User Guides

Selecting the Number of Principal Components

The selection of an appropriate number of principal components (PCs) can impact the detection of regions with low vertical signal integrity.

While following guidelines may not generalize to all circumstances (and importantly the selection of the number of PCs is an unsolved problem even in single-cell analysis), but are meant to help the users to identify good starting points.

  • We believe that the number of PCs should be tuned to match the cell-type granularity for the analysis.

  • General methods: As is commonly mentioned, methods such as the “elbow” criterion can be helpful in selecting the number of PCs. We believe that recommendations made for scRNA seq data will at least partially apply, and as such following best practices is advised and can be a helpful guide. For example see https://doi.org/10.15252/msb.20188746.

  • Biological expectations: In certain tissue contexts researchers may already have an understanding of overlap signals that may arise from the cell type/transcriptional heterogeneity of the tissue or smaller subregions, e.g., oligodendrocyte sheaths around neruons in the brain, and apical-basal expression patterns in epithelial cells in the intestine. These can be used to “calibrate” the number of PCs and VSI threshold based on whether too few or too many low VSI regions are identified compared to this prior knowledge.

  • Exploratory data analysis is an inherently iterative process. As such revisiting quality control and the output of tools such as ovrlpy may be triggered by insights from downstream analysis. For example, newly identified cell types or unexpected gene expression patterns should be validated to exclude the potential of confounding through cell segmentation artifacts.

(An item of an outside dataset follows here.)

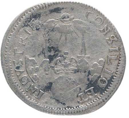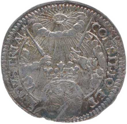 Koruna držená anděly, 6řádk.nápis / pod božím okem drží dvě ruce žezlo a meč, Ag 19 mm, 1,42 g, Nov.IX/E-14b, Mo.874, LG.II/488 R! |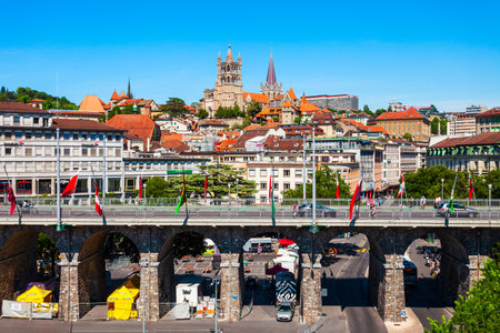 LAUSANNE, SWITZERLAND, JULY 19, 2017: View of the Grand Pont in Lausanne, Switzerland

What do I do with low-quality (low VSI) cells?

Once regions or cells with low VSI, indicative of potential spatial vertical doublets, have been identified, we recommend that users consider a range of downstream strategies, tailored to the biological question and analytical goals.

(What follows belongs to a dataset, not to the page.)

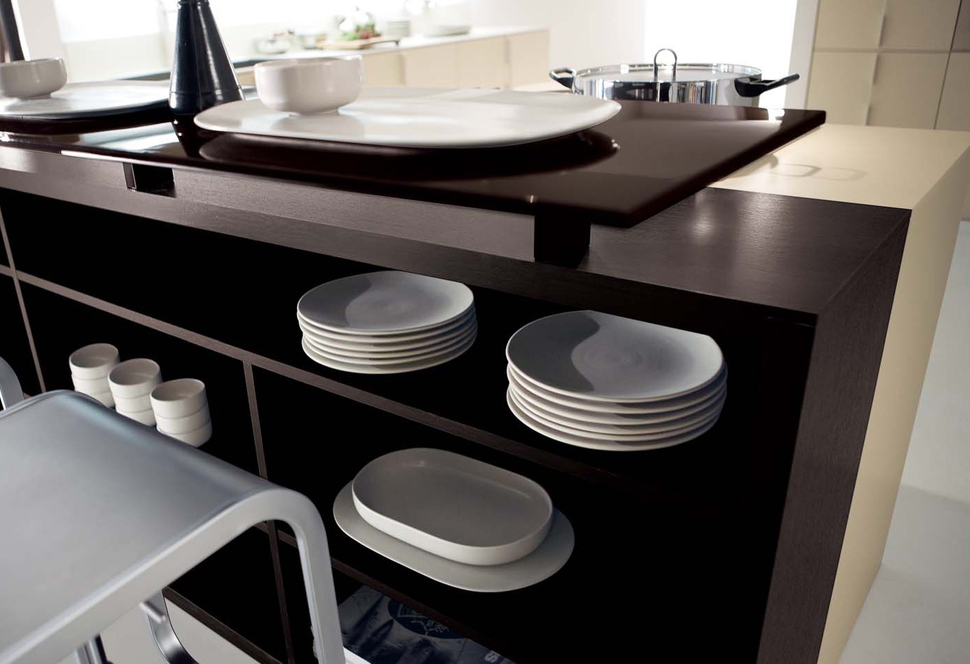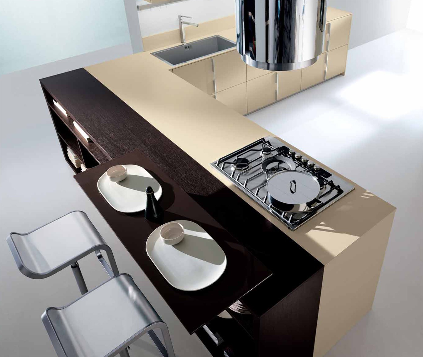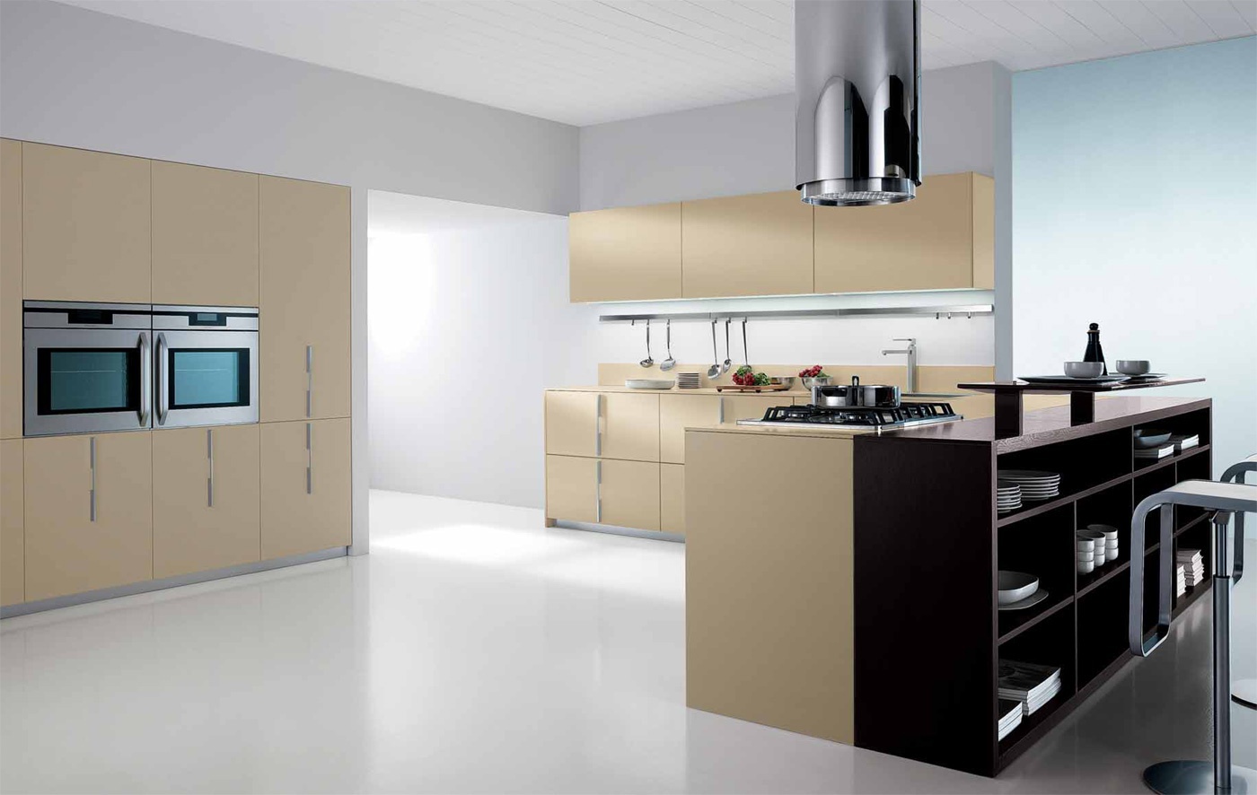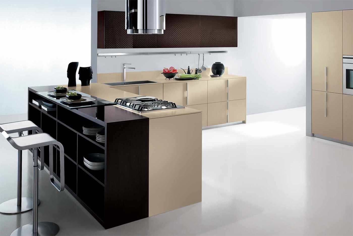 Kitchen cabinets Manhattan from the Italian PROIZVODITELYA Composit. The model is made with island and Breakfast bar. Columns equipped with appliances or are designed as a place for storage. Frame and fronts made of MDF in veneer finish or lacquer from the catalog of the manufacturer. The fronts of wall cabinets and glass shelves. Tabletop can be glass, stone, stainless steel or MDF of your choice.

For quality control and robust interpretation, one straightforward approach is to annotate low VSI regions or cells to see if they are sensitive to downstream analyses tasks, such as clustering, marker gene identification, and annotation of cell types. This helps identifying the extent to which low VSI regions/cells confound downstream analysis, thus allowing users to decide to which extent they should be removed.

Alternatively, the presence of low VSI regions can inform deconvolution-based methods such as RCTD or other algorithms that assign multiple cell-type proportions per spatial location. Users may flag low VSI areas for doublet inference or model these sites as mixtures, especially when seeking to delineate spatially co-located or interacting cell types.

Furthermore, one important consideration is that if low VSI regions are analysed differently (e.g., through removal or deconvolution approaches) this may introduce further confounding factors as low VSI regions and cellular overlaps may not be distributed homogeneously across the sample.

Beyond cell-type annotation, low VSI signals have implications for interpretation in a number of tasks. Low VSI regions affect the embedding in UMAP analysis, as well as clustering and cell type analysis. Further, we believe it is reasonable to assume that other analyses such as co-localization analysis, identification of spatial gene programs, or cell-cell communication modeling would also be affected. For these applications, we recommend explicitly reporting the fraction of low VSI regions and providing sensitivity analyses showing results with and without these regions.